I love the deceptive simplicity of Varon's work for a partisan reason: for me, her comics represent a very sweet, very genial spit in the eye of the Dubya zeitgeist of fear and isolation. While our leaders torture in the name of freedom and crank up security alerts, we work alone in our cubicles all day and drive home to fall asleep in front of the TV. There's less of what sociologists call social capital, defined by L.J. Hanifan as "those tangible substances [that] count for most in the daily lives of people: namely, good will, fellowship, sympathy, and social intercourse among the individuals and families who make up a social unit." The definitive diagnosis of our shortage of social capital is Bowling Alone: The Collapse and Revival of American Community, where social scientist Robert Putnam spends 500+ pages proving that since the 1960s there's been a massive drop in political, civic and religious participation, and a growth in depression, mistrust and violence among individual citizens. What is Varon's response to all this? She tells stories about a turtle that shares its shell with a freezing bunny; about friends who shop and cook dinner together; and about a sheep and a turtle who build a public pool. A tiny flyer inviting "all species" to swim in the pool was inserted into every copy of Sweaterweather, and though a trip to the beach takes a disastrous turn in Robot Dreams, even that bleak story reaches a conclusion that exemplifies forgiveness and peace. All of Varon's stories remind us that the surest cure for fear and alienation is to hang out with friends, even when they break our heart.

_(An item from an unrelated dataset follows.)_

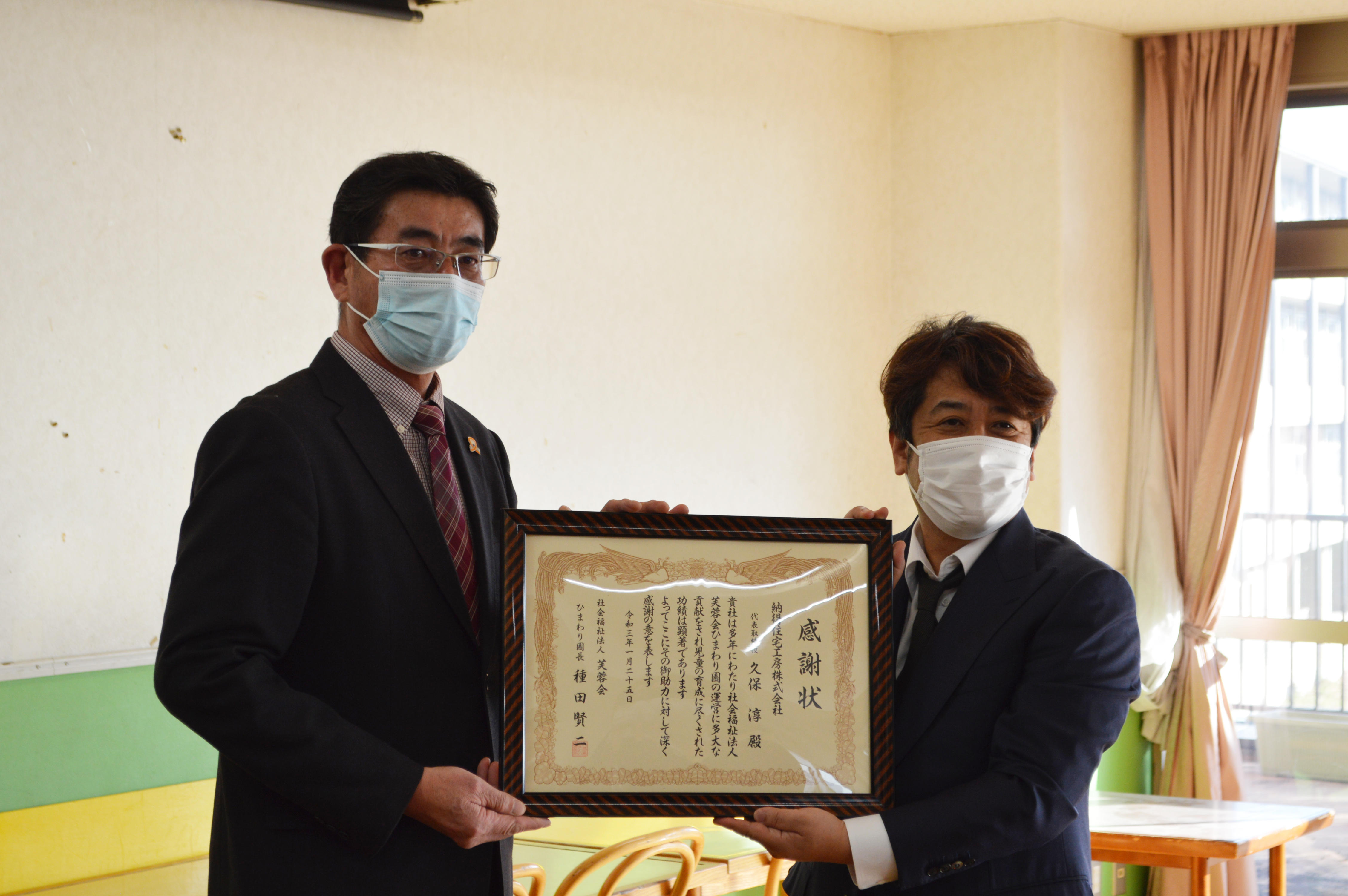 2021年1月25日、同社会福祉施設にて、園長様より感謝状を拝受いたしました。

Cynics might claim that Varon's funny animals are too lightweight to bear this interpretation, but lightness is precisely the point. In these heavy times, Varon's fables give us a healing, utopian vision of friendship and community that's lighter than air, and all species--and ages, and genders, and ethnicities--are welcome to share this vision. Everybody into the pool!


Well said. The fact that it is possible to tell a story about loss and guilt and responsibility and solidarity using "funny animals" is one of the things that makes the comics medium so uniquely powerful. Robot Dreams is suitable for children, in that it's simply told and easy to understand, but it's not lightweight by any means. I don't want to say that it's dark, because it's ultimately optimistic, but both Dog and Robot go through a very long Dark Night of the Soul before reaching that final healing.

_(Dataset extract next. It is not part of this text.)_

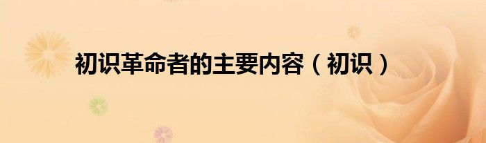 导读 大家好,今天小六子来为大家解答以下的问题,关于初识革命者的主要内容,初识这个很多人还不知道,现在让我们一起来看看吧!1、初识是刚开始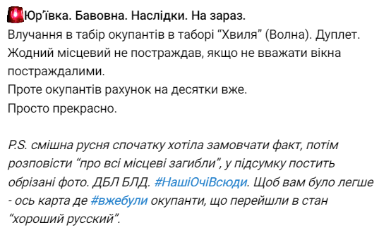Незабаром у ЗСУ підтвердили удар по Юріївці. Стратком заявив, що було вражено командний пункт військ РФ у санаторії "Хвиля".

Something that occurred to me as I was writing Robot Dreams up for a list of recommendations is that none of the creatures have any explicit gender markers. They register as "male" only because we tend to assume that a neutrally-presented character is male unless otherwise specified. I don't know if this was deliberate on Varon's part or not; in any case, it makes her stories even more universal.
Posted by: Katherine F. | February 14, 2008 at 12:27 PM
Katherine, your point about the lack of "explicit gender markers" is exactly right. It's an aspect of Varon's universality I hadn't considered.
And thanks for being too polite to point out that I make the "assuming a character is male" error in my post, when I write that "the dog abandons his friend to the elements." D'Oh!